= Kimani Press =

Canadian publisher

Kimani Press was formed by Harlequin Enterprises, Ltd. in December 2005, with the purchase of the Arabesque, Sepia, and New Spirit Imprints from BET Books. Arabesque was the first line of original African-American romance novels from a major publishing house, and published two single-titles each month until it ceased publication in February 2015. The Sepia imprint featured commercial women’s fiction, and New Spirit served the growing African-American inspirational marketplace with both fiction and non-fiction releases.

In July 2006, Harlequin launched Kimani Romance, an African-American series imprint that published four new releases each month. In May 2017, it was announced that Harlequin was no longer acquiring titles for the Kimani Romance imprint, with the final titles due to be released in 2018.

In February 2007, Kimani TRU was launched targeting a young-adult, multi-cultural audience with one new release each month. This line ceased publication in October 2014.

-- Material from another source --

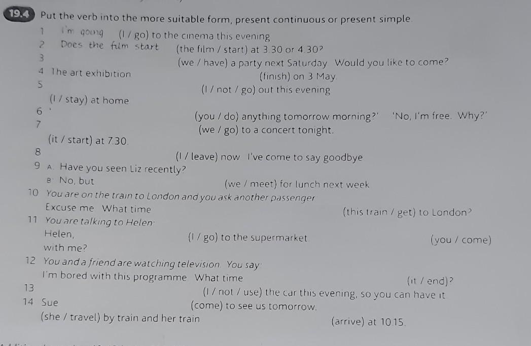- Present Continuous когда говорим о расписании движения поездов, автобусов и т.д, расписании занятий, начало и конец фильмов, театров и т.п.
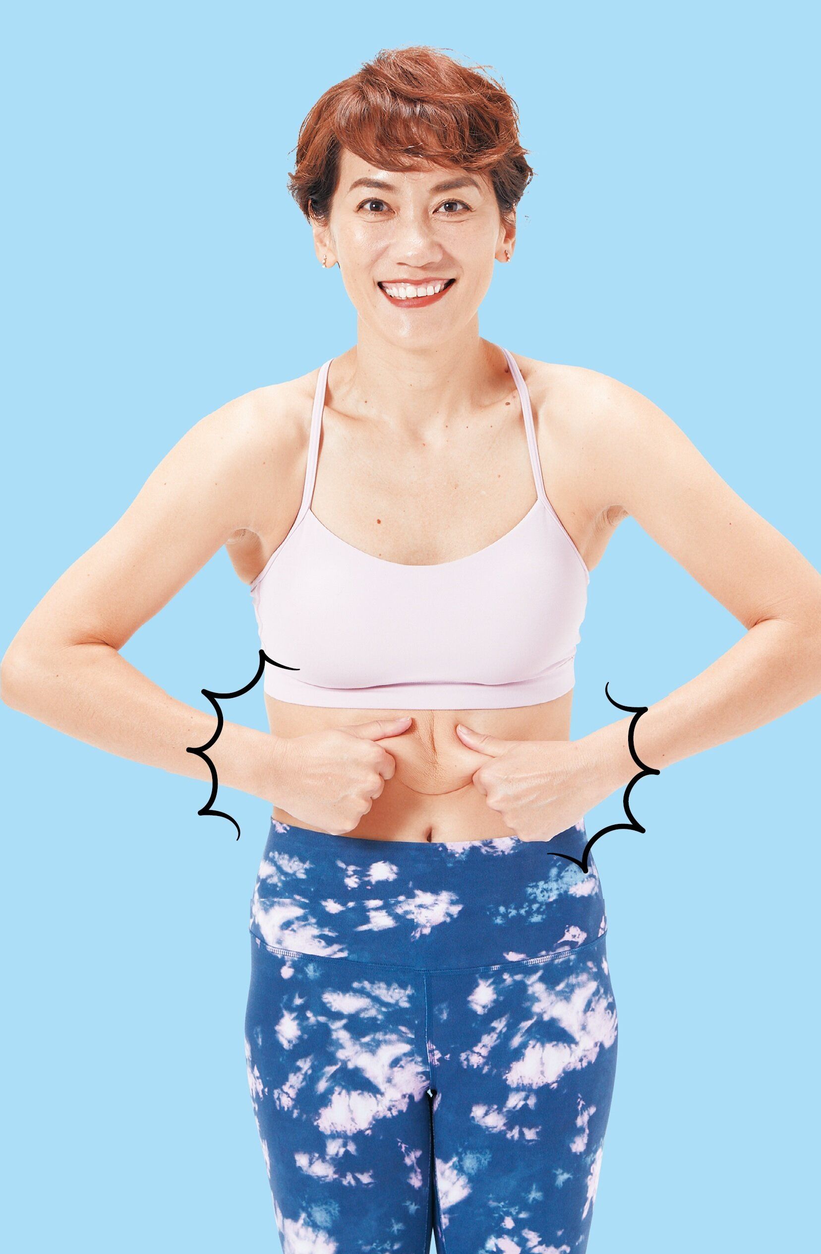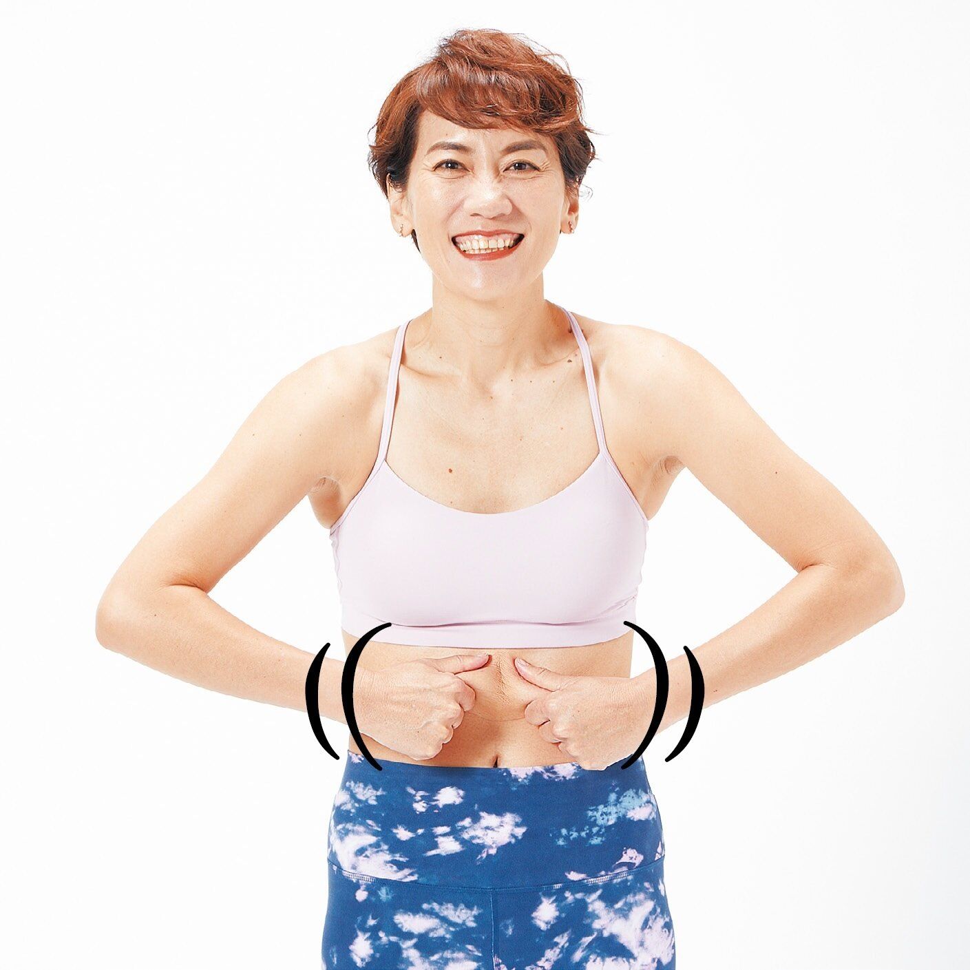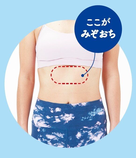 みぞおちは、お腹の上の真ん中のくぼんだ部分。肋骨のきわから肉を集めてつまみ、ぷるぷる揺らして。

Since 2005, Kimani Press novels have been available in eBook format, a portable downloaded alternative to the standard paperback.

==Kimani Press imprints==

The name 'KIMANI' is of Kikuyu Origin.

Arabesque: The leading line of African-American romances. An-award-winning imprint of traditional and contemporary romance novels written by African-American authors. The last title was released in February 2015.

Kimani Romance: Series romance. The last title was released in 2018.

Kimani Tru: Young-adult fiction featuring African-American youth. The last title was released in October 2014.

Kimani Press Special Releases : Special Releases from favorite Kimani Press authors. The last title was released in January 2015.

== Impact ==
Harlequin Enterprises' Kimani Press lines gave African-American authors the ability to publish their stories, whether they had an agent or not at the time of proposing their stories. At the time of opening Kimani Press imprints, Harlequin Enterprises' prided themselves on their search for diverse stories so that marginalized voices could gain traction and meet readers' demands for nonwhite stories and authors.

== Reception ==
There were varied views on both the opening and closing of Kimani Press imprints. During publication, some were divides as to whether or not romance books should be divided based on race. There were some Kimani authors who appreciated having imprints dedicated to representing Back authors, whereas others found it problematic, as they believed wider audiences would not encounter diverse romance books if they were in a different section of bookstores.

During the closing of the imprints, some authors from the Kimani Press were able to continue working under Harlequin Enterprises, while others were simply notified that the lines were closing. There was also belief that Kimani Press wasn't advertised a well as they could have been via Harlequin Enterprises' social media campaigns.